- **Aim of the exercise**
Transcribe exactly everything in the data below from the line containing "In this project, we" down to the line containing "Donica ogrodowa ceramiczna", both lines included and nothing further.

- **Dataset**

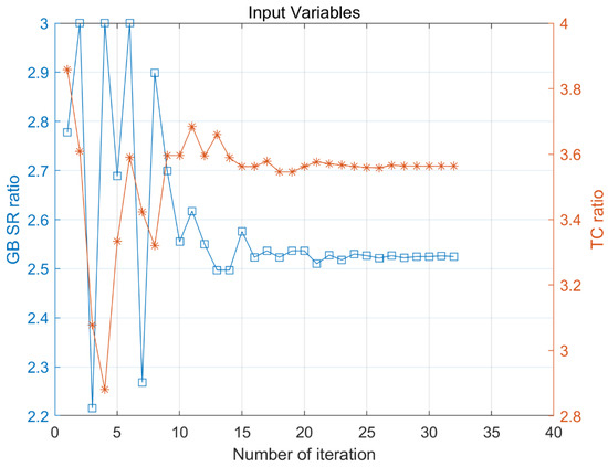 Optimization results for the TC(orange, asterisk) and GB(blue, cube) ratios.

...

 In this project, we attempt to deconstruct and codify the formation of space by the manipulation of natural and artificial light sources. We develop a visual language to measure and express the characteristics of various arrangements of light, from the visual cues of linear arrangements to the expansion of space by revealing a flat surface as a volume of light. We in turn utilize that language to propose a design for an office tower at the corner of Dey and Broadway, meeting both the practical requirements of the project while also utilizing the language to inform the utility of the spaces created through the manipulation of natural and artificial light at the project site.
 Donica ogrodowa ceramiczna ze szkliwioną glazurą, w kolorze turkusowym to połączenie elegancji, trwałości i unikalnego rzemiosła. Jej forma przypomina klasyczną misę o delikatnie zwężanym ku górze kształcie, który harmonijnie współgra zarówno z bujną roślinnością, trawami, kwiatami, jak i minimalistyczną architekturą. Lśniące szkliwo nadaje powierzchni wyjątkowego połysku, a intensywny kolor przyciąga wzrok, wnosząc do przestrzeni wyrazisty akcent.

* * *

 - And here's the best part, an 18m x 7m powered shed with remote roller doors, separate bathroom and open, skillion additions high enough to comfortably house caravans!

- **Task response**
 In this project, we attempt to deconstruct and codify the formation of space by the manipulation of natural and artificial light sources. We develop a visual language to measure and express the characteristics of various arrangements of light, from the visual cues of linear arrangements to the expansion of space by revealing a flat surface as a volume of light. We in turn utilize that language to propose a design for an office tower at the corner of Dey and Broadway, meeting both the practical requirements of the project while also utilizing the language to inform the utility of the spaces created through the manipulation of natural and artificial light at the project site.
 Donica ogrodowa ceramiczna ze szkliwioną glazurą, w kolorze turkusowym to połączenie elegancji, trwałości i unikalnego rzemiosła. Jej forma przypomina klasyczną misę o delikatnie zwężanym ku górze kształcie, który harmonijnie współgra zarówno z bujną roślinnością, trawami, kwiatami, jak i minimalistyczną architekturą. Lśniące szkliwo nadaje powierzchni wyjątkowego połysku, a intensywny kolor przyciąga wzrok, wnosząc do przestrzeni wyrazisty akcent.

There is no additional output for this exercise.